Medications Used in Treatment
Our primary goal in delivering patient care is to help our patients eliminate their reliance on alcohol and other addictive substances, including powerful and highly addictive prescription medications. While PaRC promotes and utilizes an abstinence-based treatment philosophy as the cornerstone of its addiction treatment services, our physicians have always incorporated the best and most effective medications in providing optimal care and treatment to our patients.
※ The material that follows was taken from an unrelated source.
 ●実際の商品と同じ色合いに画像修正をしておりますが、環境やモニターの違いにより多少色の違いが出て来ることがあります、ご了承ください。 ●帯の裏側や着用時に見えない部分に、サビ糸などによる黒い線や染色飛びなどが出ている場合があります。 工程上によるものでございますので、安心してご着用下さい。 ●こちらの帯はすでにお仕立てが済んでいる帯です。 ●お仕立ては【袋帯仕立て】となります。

All medications, including addictive medications, have their place in the appropriate provision of medical care. The challenge is in understanding which medicines to use when dependence and addiction have entered the picture. Safe detoxification from alcohol and various classes of drugs requires the efficacious use of medications, including some that have addictive qualities. At PaRC, some of these medications are used temporarily to move the patient through the withdrawal process as quickly as possible.
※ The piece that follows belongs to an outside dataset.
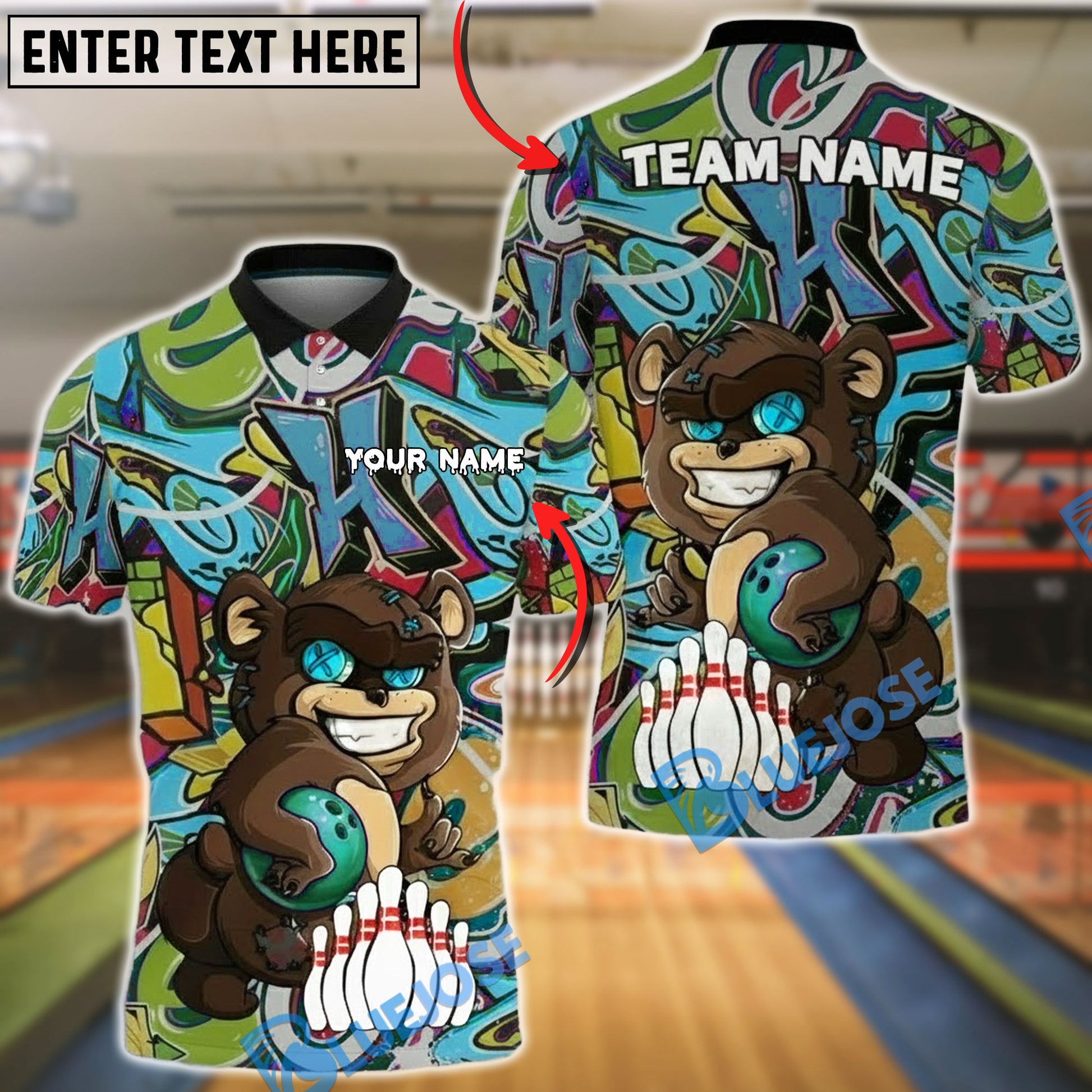 BlueJose Bowling Bear Cartoon Graffiti Style Customized Name, Team Name 3D Shirt (4 Colors)

Medications that treat co-occurring psychiatric problems and disorders may be prescribed when the condition warrants it. Many people have a history that indicates the need for medicinal interventions to supplement the other therapeutic work and recovery efforts they are putting forth to manage their symptoms or regulate their emotions. There are a number of non-addictive medications and supplements that appropriately help people lead normal lives and conduct daily activities without altering their mood or state of mind.
Medication Options for Treatment
Some of the more common and well-known recovery support medications used in addiction treatment include:
Naltrexone (Revia): This medication helps people who have stopped using alcohol and opiates to remain substance free. It blocks the effect of opiates and may lessen the “high” feeling associated with alcohol use. It tends to help reduce cravings for alcohol and opiates and, thus, enhance the likelihood of staying clean and sober.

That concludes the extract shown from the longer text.